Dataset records
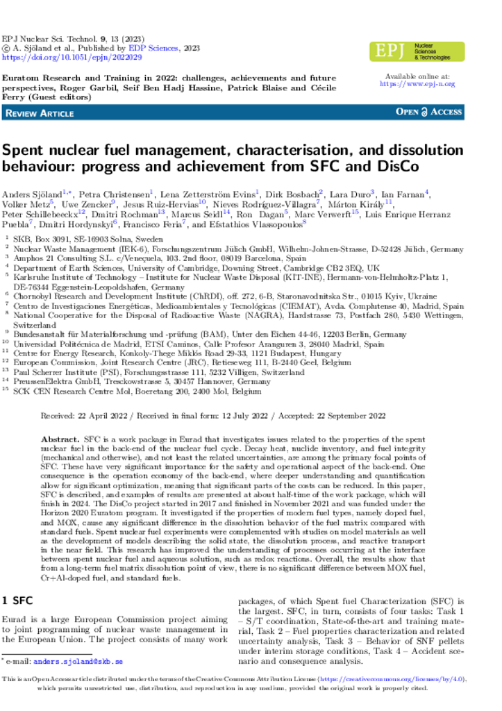 Sjöland, Anders; Christensen, Petra; Zetterström Evins, Lena; Bosbach, Dirk; Duro, Lara; Farnan, Ian; Metz, Volker; Zencker, Uwe; Ruiz-Hervias, Jesus; Rodríguez-Villagra, Nieves; Király, Márton; Schillebeeckx, Peter; Rochman, Dmitri; Seidl, Marcus; Dagan, Ron; Verwerft, Marc; Puebla, Luis Enrique Herranz; Hordynskyi, Dmitri; Feria, Francisco; Vlassopoulos, Efstathios
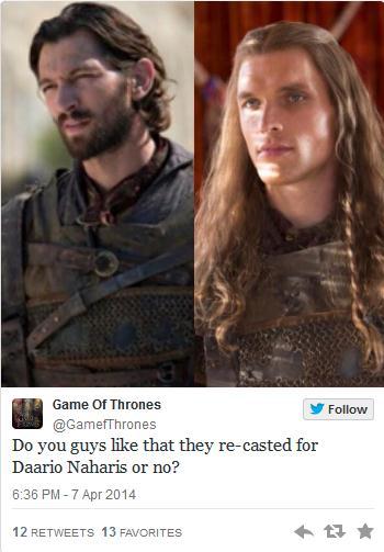 Eipä se Daario ihan blondi ollutkaan, mutta kuitenkin seuraajaansa hieman vaaleahiuksisempi. Kirjassa hahmo ymmärtääkseni on tummahiuksinen. http://images.rapgenius.com/30bfb32030ee30b29556f763f9fe7ddb.350x503x1.jpg
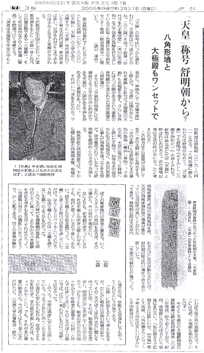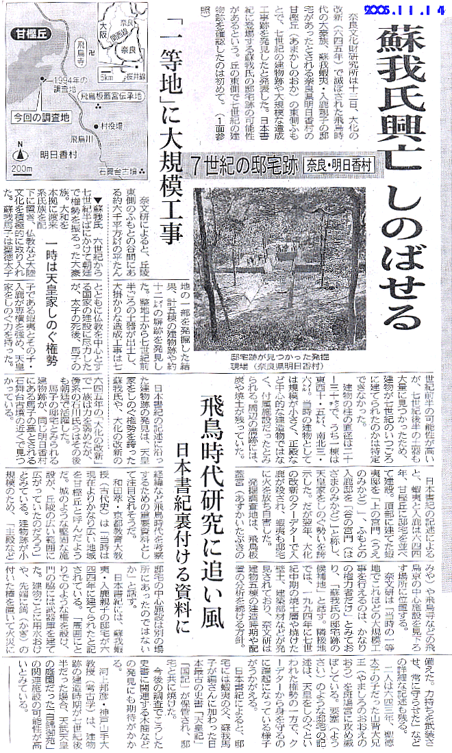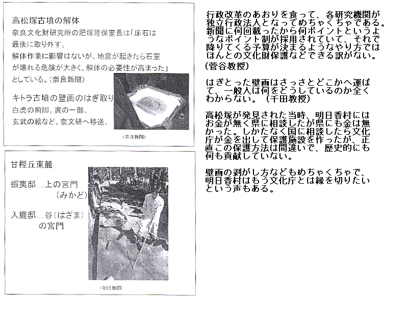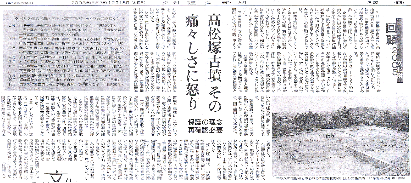 上をクリックして貰えば、讀賣新聞片岡正人記者による「回顧2005年文化財」記事が読めます。高松塚古墳の文化
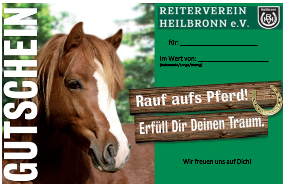 Wir bieten wir euch die Möglichkeit, Reitstunden oder die Teilnahme an Ferienreitkursen als Gutschein zu verschenken.
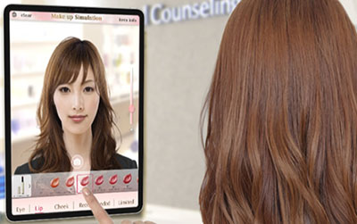メイクは使ってみて初めて、思っていた仕上がりにならない、自分の肌の色になじまないなどが分かることありますが、購入前に納得いくまで店頭でメイクを試すには時間がかかりすぎるという課題がありました。メイクシミュレーションを使うことで、目元や口元のラインアップを個別に試すだけでなく、顔全体のトータルバランスを見ながら何度でも商品を試せるため、自分に似合うパターンを短時間で選ぶことができます。毎季ごとにたくさんの種類が出る季節の新色を手軽に全種類試すということも可能になります。
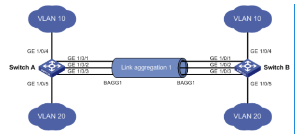[H3C-GigabitEthernet1/0/1] port link-aggregation group 1
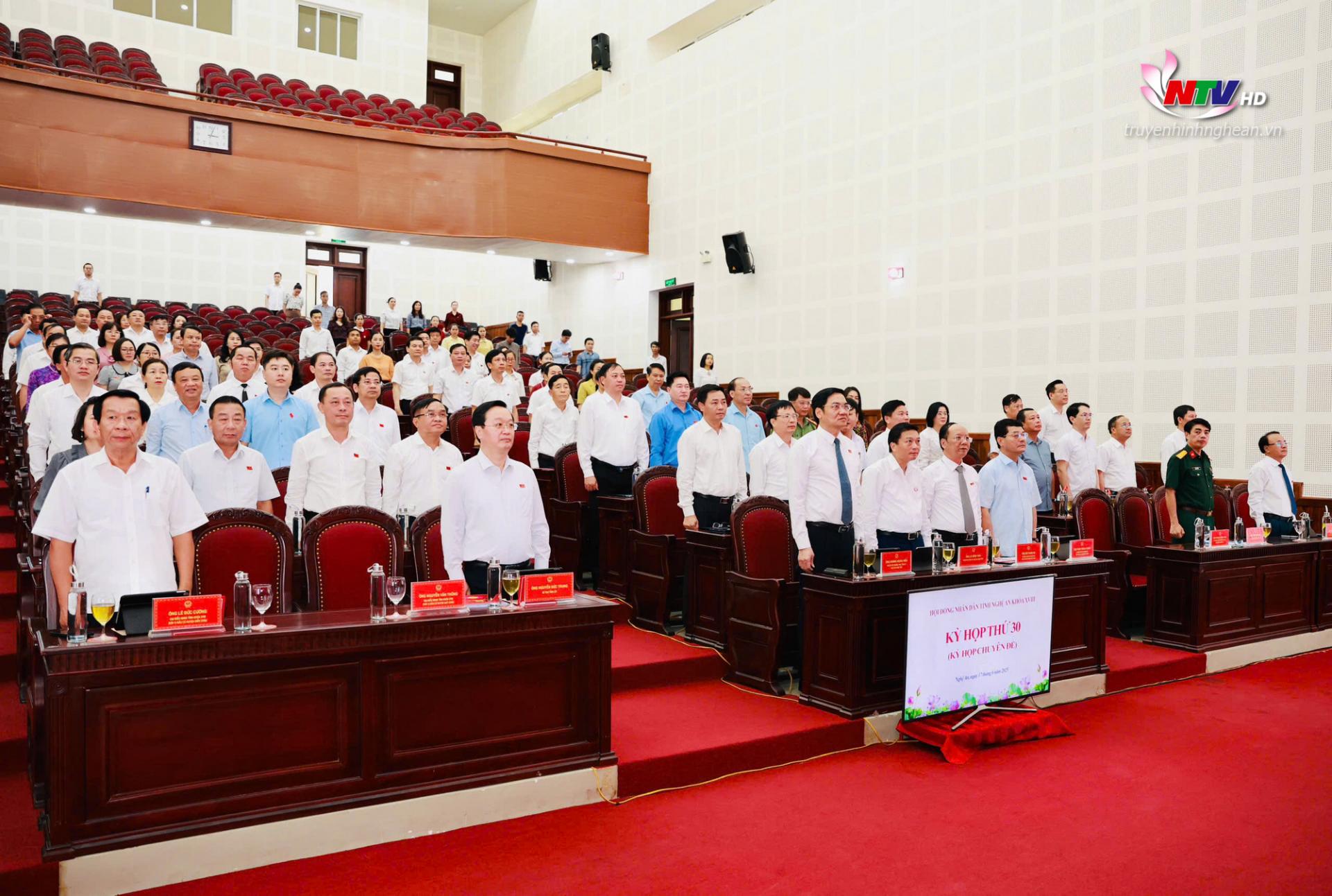 | Các đại biểu thực hiện nghi thức chào cờ Tổ quốc, hát Quốc gia khai mạc Kỳ họp thứ 30, HĐND tỉnh khóa XVIII. |
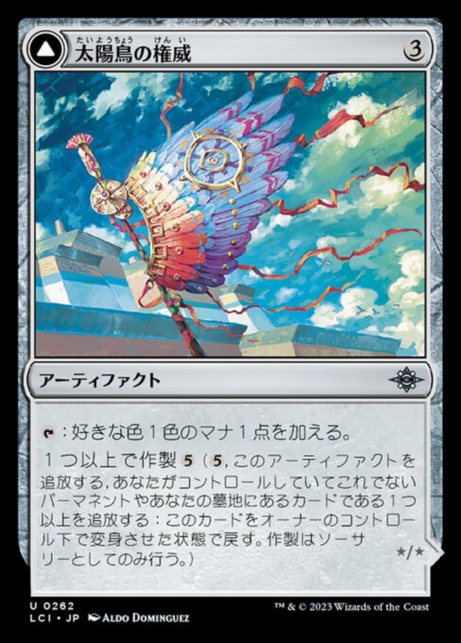 | Rules | : Add one mana of any color. Craft with one or more (, Exile this artifact, Exile one or more other permanents you control and/or cards from your graveyard: Return this card transformed under its owner's control. Craft only as a sorcery.) // Flying, vigilance, haste Sunbird Effigy's power and toughness are each equal to the number of colors among the exiled cards used to craft it. : For each color among the exiled cards used to craft Sunbird Effigy, add one mana of that color. |
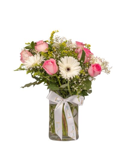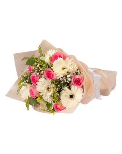 Delight is a celebration of beauty and grace, where soft pink Revival roses meet the timeless charm of crisp white gerberas. Accented with delicate white baby flowers and lush greenery, this arrangement brings a fresh, uplifting feel to any space. Perfect for gifting or brightening up your own home, it’s a bouquet that speaks the language of joy and tenderness.
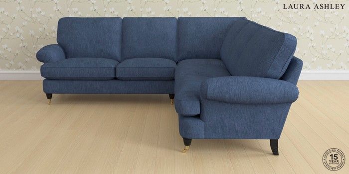 6.12.1 Buy Beaumaris by Laura Ashley Medium Corner Sofa - Universal Bainton Midnight Navy Low Brass Castor - Black from the Next UK online shop Click here to use our accessible website
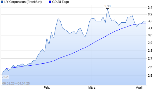 Mit dem Anstieg auf 3,20 EUR hat die Yahoo Japan-Aktie am 03.04.2025 die 38-Tage-Linie nach oben gekreuzt.
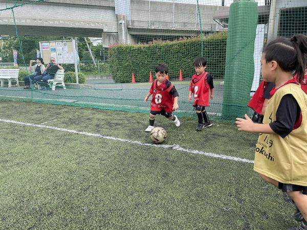 最初は遠慮がちだった子供達が少しずつ目の前のボールを一生懸命追いかけ、ゴールを目指してプレーしていました!
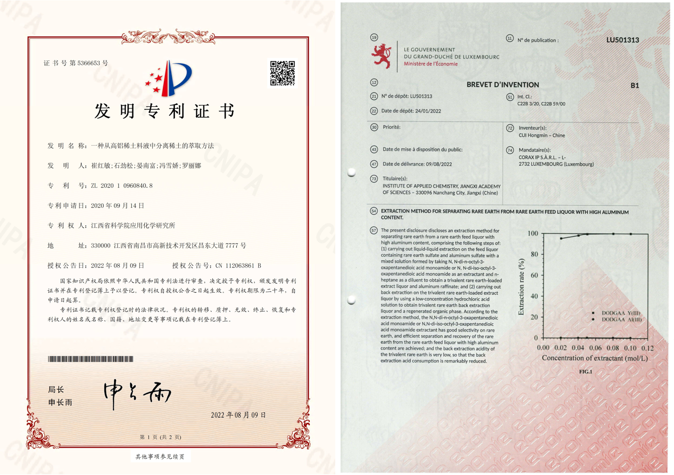 本项目通过研发新型高效的二酰胺荚醚类稀土萃取剂和萃取分离新工艺,实现了稀土和铝的高效分离,使得浸出液中稀土回收率不低于98%,萃余液可作为浸矿剂循环使用,具有极高的推广应用价值;项目申请发明专利3项,其中授权1项国家发明专利,1项欧洲专利,获批国家自然科学基金1项;发表SCI一区论文1篇。
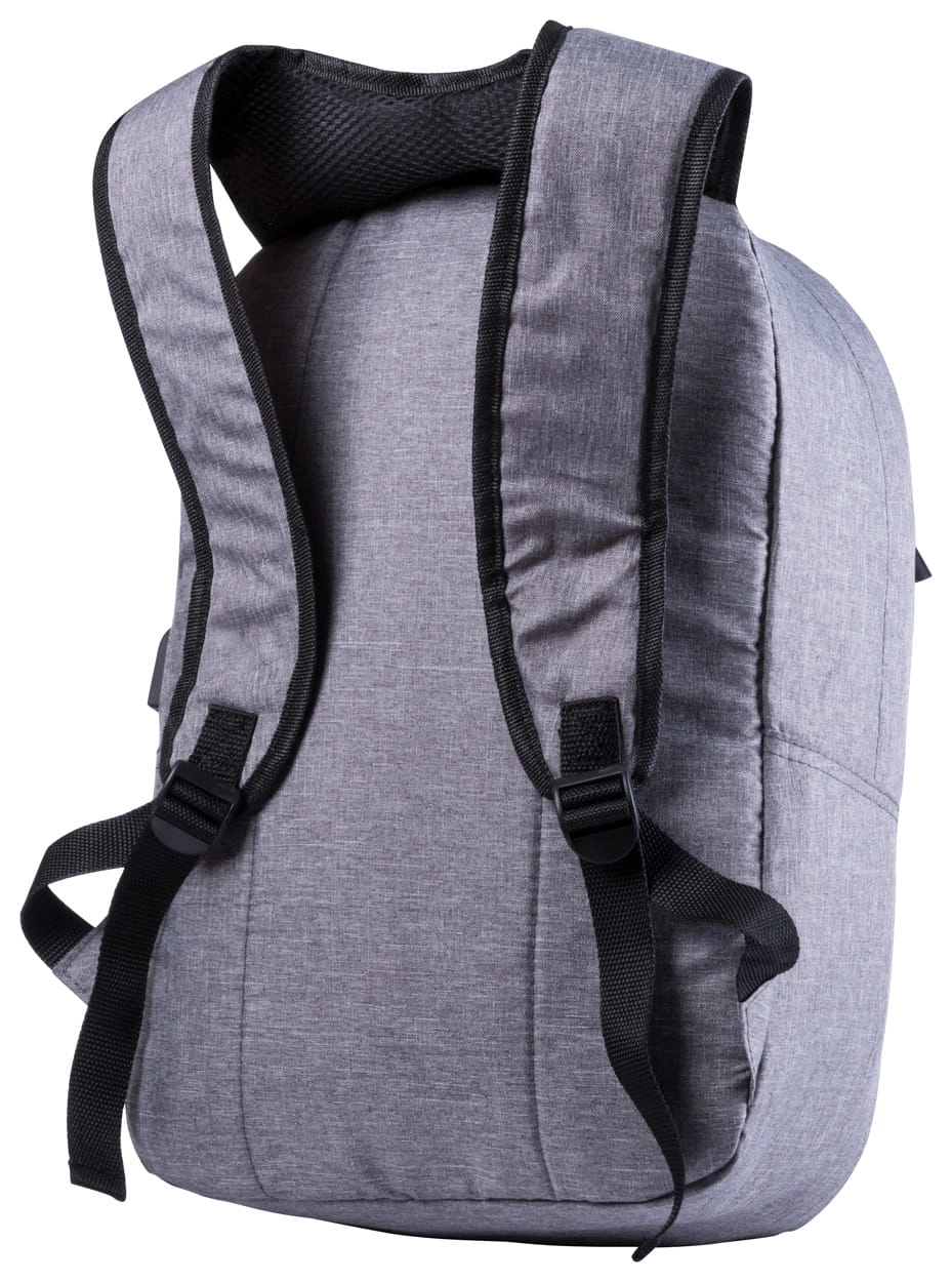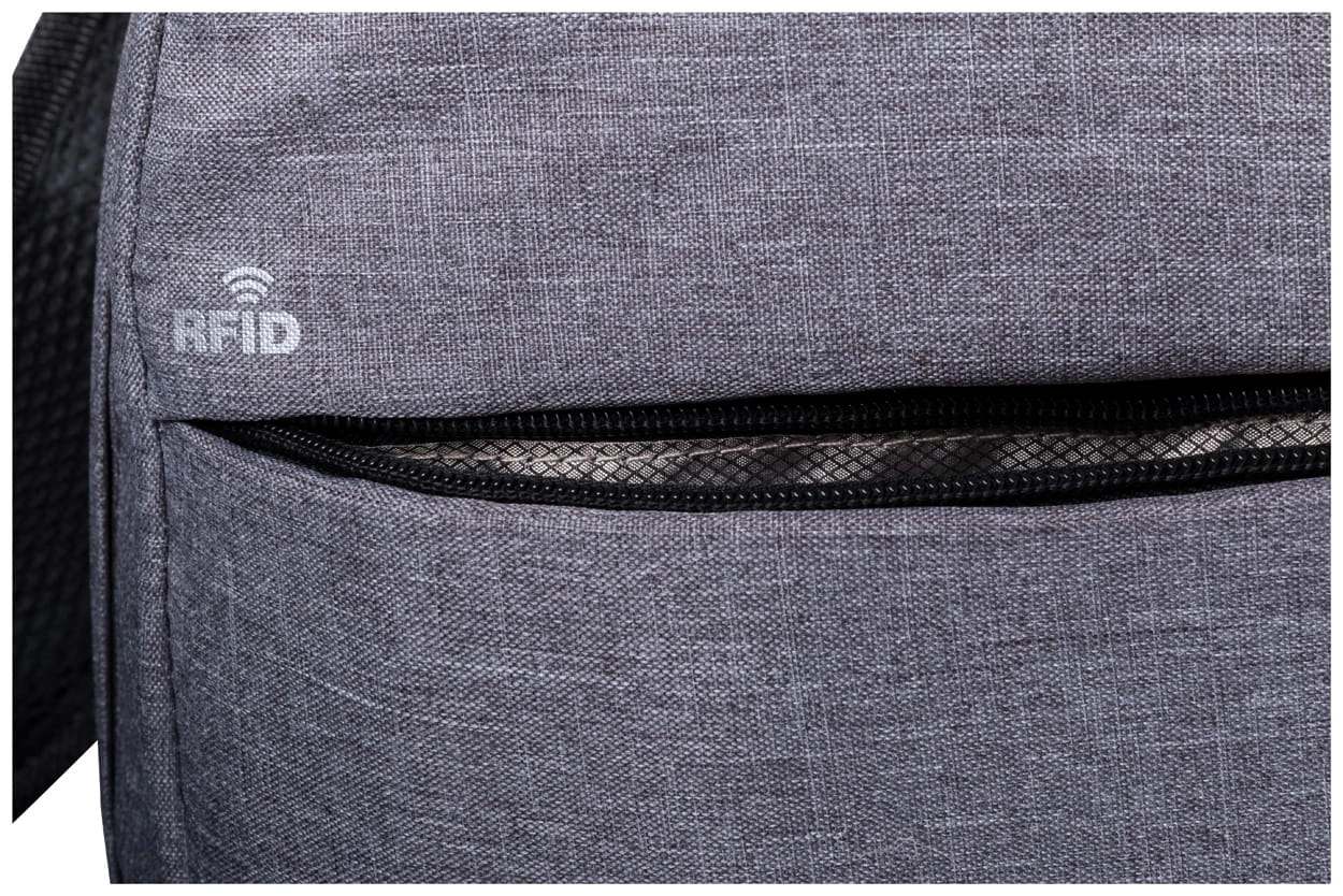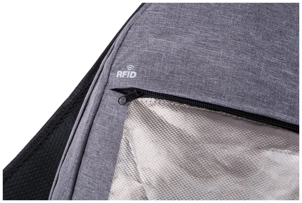 Plecak z ochroną RFID i wieloma przegródkami na zamek błyskawiczny, wyściełaną przegrodą na laptopa (15"), wyściełanymi plecami i paskami na ramiona, Z wbudowanym złączem USB dla powerbanków, poliester 300D.

## Task statement:
Would you please repeat only the lines above, beginning at the one that has "that color. |" and stopping after the one that has "6.12.1 Buy Beaumaris", exactly and with no pictures?

## Task solution:
 | Rules | : Add one mana of any color. Craft with one or more (, Exile this artifact, Exile one or more other permanents you control and/or cards from your graveyard: Return this card transformed under its owner's control. Craft only as a sorcery.) // Flying, vigilance, haste Sunbird Effigy's power and toughness are each equal to the number of colors among the exiled cards used to craft it. : For each color among the exiled cards used to craft Sunbird Effigy, add one mana of that color. |
 Delight is a celebration of beauty and grace, where soft pink Revival roses meet the timeless charm of crisp white gerberas. Accented with delicate white baby flowers and lush greenery, this arrangement brings a fresh, uplifting feel to any space. Perfect for gifting or brightening up your own home, it’s a bouquet that speaks the language of joy and tenderness.
 6.12.1 Buy Beaumaris by Laura Ashley Medium Corner Sofa - Universal Bainton Midnight Navy Low Brass Castor - Black from the Next UK online shop Click here to use our accessible website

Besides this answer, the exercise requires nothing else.